Reinhild nodded, and followed the once-vampire out of the circular room. At the doorway they carefully checked if there wasn’t some lingering portal to the land of the dead, and then carried on forward. It wasn’t far to the dungeons, and after a good fifteen minutes of wandering through halls and halls full of coffins and skulls, they found the staircase up to the cell blocks hidden under Autumn’s palace.

“This-” Lyren muttered as she saw the devastation that had been wrought on the dungeons.

“This must be in jest?” Reinhild asked, mimicking Lyren’s voice.

Before them, the hallways of what had once been the dungeons had been warped into unrecognizable shapes.
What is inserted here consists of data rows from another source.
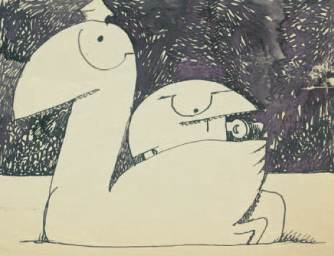 Lettre autographe signée au stylo à bille de Jean Cocteau à Georges Hugnet, enluminée d’un dessin original au crayon
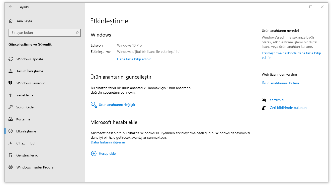Şimdi ilk olarak “Windows 10” etkinleştirme işleminden bahsedeyim. İlk olarak ” Başlat/Windows” simgesini sağ tıklayıp “Ayarlar” ardından ve “Güncelleştirme ve Güvenlik” sekmesine gidiyoruz. Burada sol taraftaki “Etkinleştirme” kısmına tıklıyoruz. Eğer karşımıza aşağıdaki gibi “Windows dijital bir lisans ile etkinleştirildi” uyarısı varsa sizi tebrik ediyorum. Bilgisayarınız Windows‘u orjinal haliyle kullanıyor. Artık sınırsız, süresiz bir şekilde kullanmaya devam edebilirsiniz.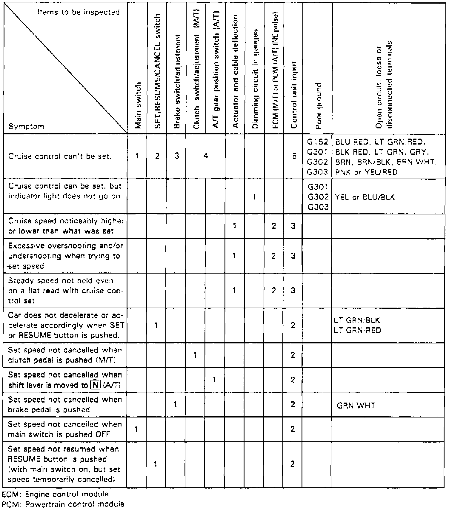 when troubleshooting speed control system. The numbers in chart grid indicate troubleshooting sequence.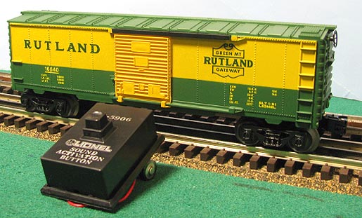 | Made by Lionel in 1991 and part of their special diesel/steam railsound boxcar product line. These special sound cars are a great addition to older Lionel engines where loco sounds bring your layout into the modern era. FEATURES: comes w/a special activator button that conects to the track * operating couplers * Symington-Wayne trucks * metal frame w/volume control knob * metal brake wheel * opening cargo doors reveals circuit boards * authentic Rutland paint graphics w/official logo |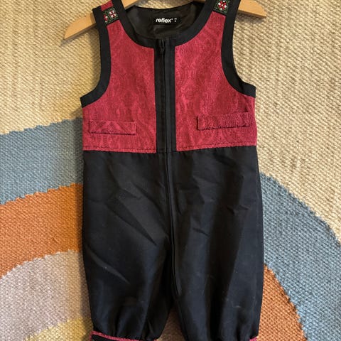 Reflex festdrakt i størrelse 86 for jente, laget av bomull. Bunaden har flerfarget design og inkluderer skjorte, liv, skjørt og forkle.
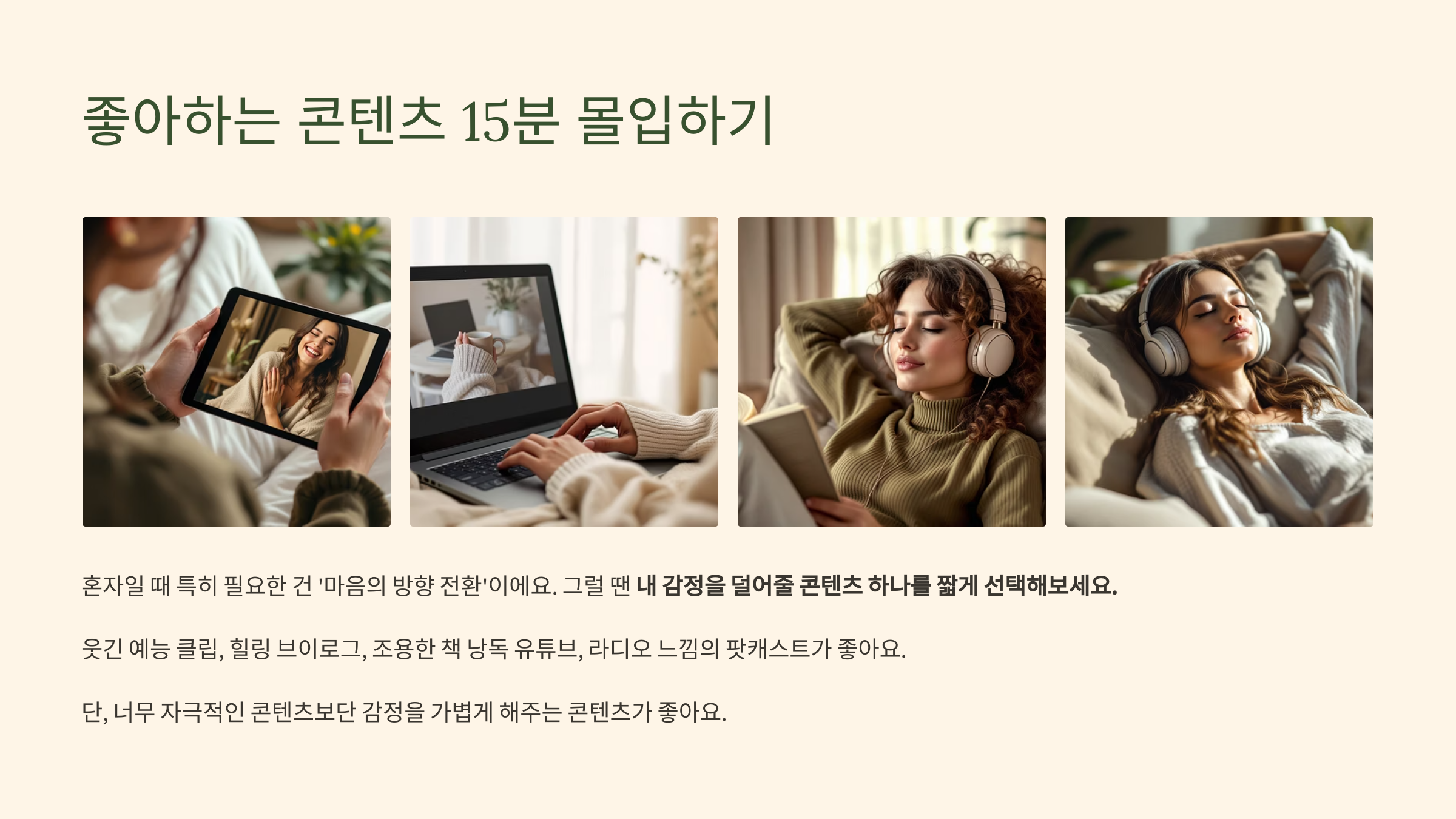 혼자일 때 특히 필요한 건 ‘마음의 방향 전환’이에요.

They curved, bent, and flowed organically into each other. Cells had been squashed together, ripped apart and redistributed as if someone had plucked them from the rock they had been hewn into and strewn them around at random. In places, there were wide open spaces so large that trees grew in them, almost resembling the outside world. In other places cells had been combined and restructured into makeshift castles, squat and compressed between the floor and ceiling. Awestruck, Reinhild and Lyren wandered the desolate dungeons.

“What happened here?” Reinhild asked. “What did this?”

“I know not,” Lyren whispered. “And I loathe to find out,” she said while pointing at scorch marks and charred bones.

“How do we find the exit?” Reinhild asked. “There’s got to be a path leading up into the palace somewhere.”

“We walk around and hope we find the exit before whatever haunts this place finds us,” Lyren answered.

They walked for almost an hour before they suddenly heard voices.

“No!” A hoarse voice cried out. “My empire! My subjects!”

“What now,” Lyren spat as she hurried to hide behind a mangled mess of rock and metal where the clearing bled into the dungeons again. Reinhild quickly followed her.

“That whore! She burned down my entire empire!” The voice called out again.

“Be quiet, Achlys,” a much quieter and silkier voice, barely audible, rang out. Reinhild looked at Lyren, who returned a gaze of understanding. Together they waited, until a group of three people came into view.

“Autumn fuck me bloody,” Lyren swore as she recognized Maxwell. “It’s the wizard.”

“It’s Fleur,” Reinhild said, pointing out the second figure in the procession, who carried the third on her shoulders.

“Who is Fleur?” Lyren asked, somewhat confused.

“One of Hya- I mean Jakinta- her sisters. The woman she’s carrying must also be one, but I’ve never seen her. She’s injured.”

“I had such plans with this place,” the woman being carried by Fleur howled.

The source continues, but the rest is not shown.